Maître Ronfard et maître Mirek interviennent pour quelques victimes et les deux policiers victimes de l’outrage, le parquet requiert 18 mois de prison à l’encontre de Senad C., et 5 ans pour Ali K., qui invoque la possibilité du « hasard » et annonce l’erreur judiciaire.

 

 

Le tribunal condamne Senad C. à 1 an de prison, et Ali K. à 4 ans dont 1 an assorti d’un sursis mis à l’épreuve, il devra travailler et indemniser les victimes. Le tribunal décerne mandat de dépôt pour les deux.
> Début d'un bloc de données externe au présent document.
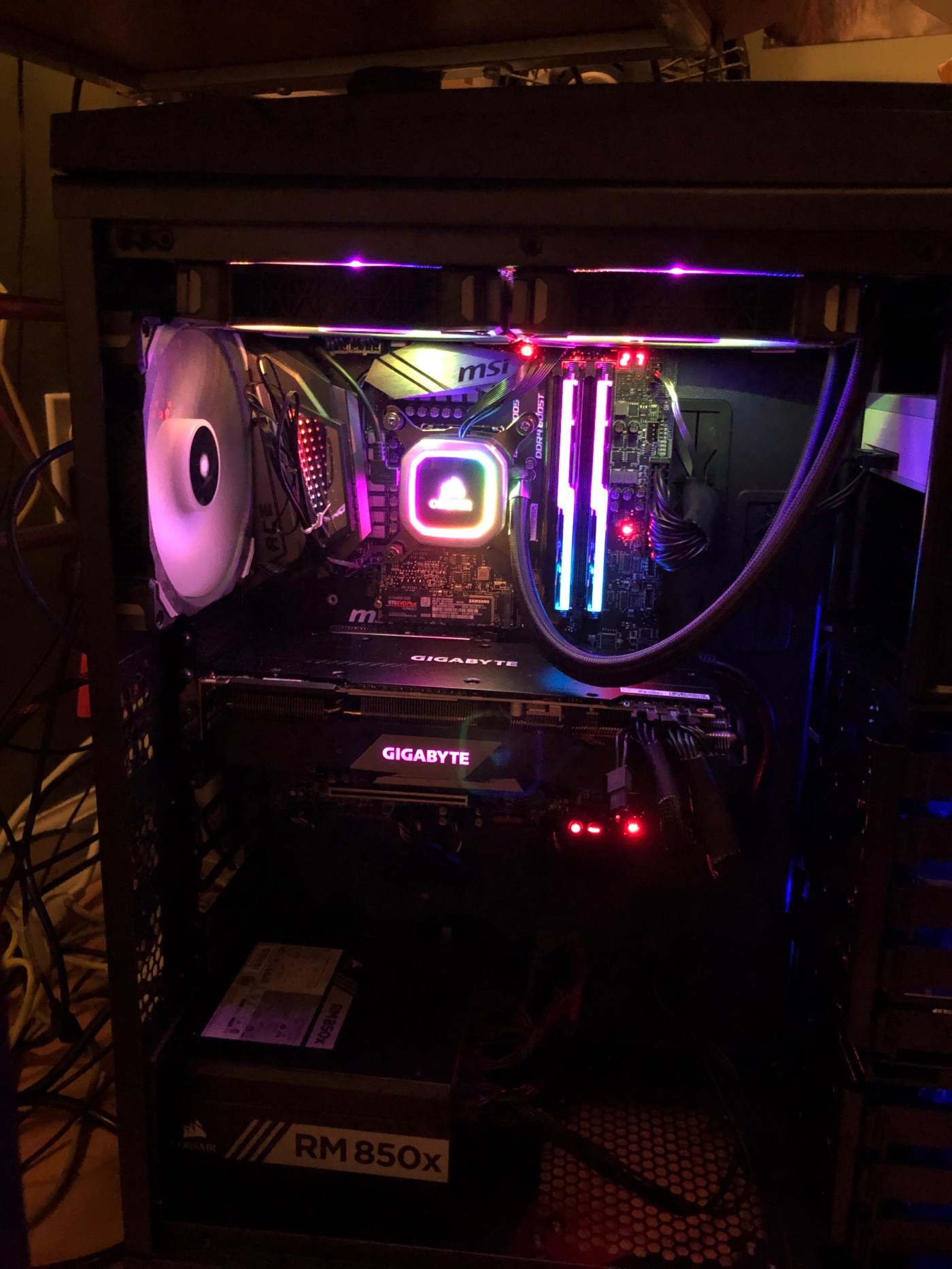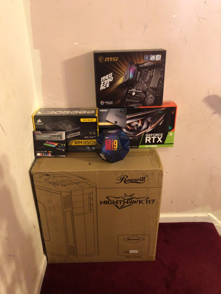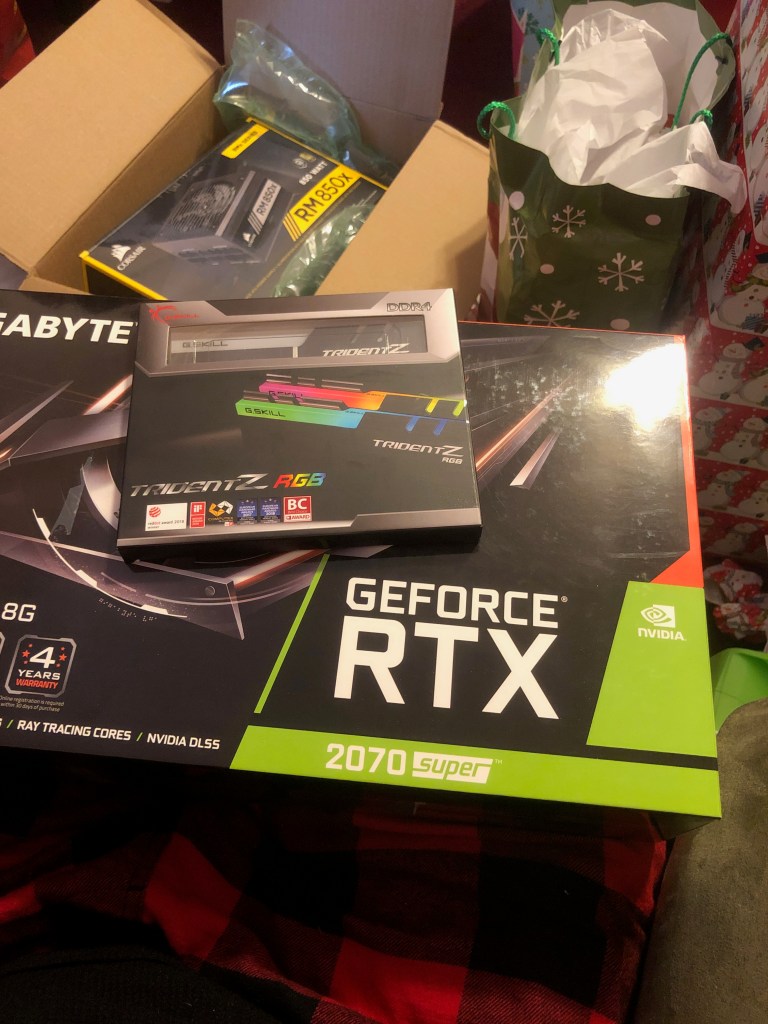 Cooler is a Corsair H115i (280mm) left over from my previous build, to keep the monster of a CPU adequately cooled. For the Motherboard: MSI MEG Z390 Ace. I decided to go with MSI again, since I was used to the bios and familiar with their products, plus it has a 13 phase VRM on the board. The RAM was the easiest to choose. 32GB G.SkiI Trident Z RGB. I had bought it off of Newegg’s black friday sale and it performs amazing. Storage: I had 2 left over storage devices from my old computer. A 3TB Hitachi Deskstar (on it’s last legs lol) and a OCZ Vertex 460A 480GB (Used as a boot drive on my old pc). In researching I bought a m.2 off of eBay for pretty cheap, brand new on auction for $80. The m.2 nvme is used as a boot drive on this build. Also, for Christmas I was gifted a 1TB Samsung QVO SSD. All in all, I have a total of about 5TB of storage. As for Graphics, I decided upon the RTX 2070 SUPER because (for obvious reasons) the budget did not allow for 2080ti and I wasn’t planning on doing 4k. However, it is an awesome card and I personally feel best bang for your buck going on the Nvidia side. I could have gotten away with a 2060/2060S, but I wanted to try my best to future proof this build as much as possible.

Ali a baissé la tête, ne la relève qu’à la fin, le dos droit.

 

 

Il prétendait que son incarcération en 2016 l’avait « calmé ». La présidente Aussavy remarqua : « Vous pouviez trouver du travail. – Mais j’ai trouvé du travail ! – Quoi ? – Ben, j’allais voir la mission locale, et j’ai fait un stage, et ensuite je me suis fait arrêter. – Donc, vous n’avez pas trouvé de travail. »

 

 

Florence Saint-Arroman

 

 

Ali K. devra indemniser plusieurs victimes à hauteur de 4576 euros en tout, et verser 200 euros à chaque policier ainsi que 600 euros pour leurs frais de défense. Renvoi sur intérêt civil en novembre prochain, pour 3 autres victimes.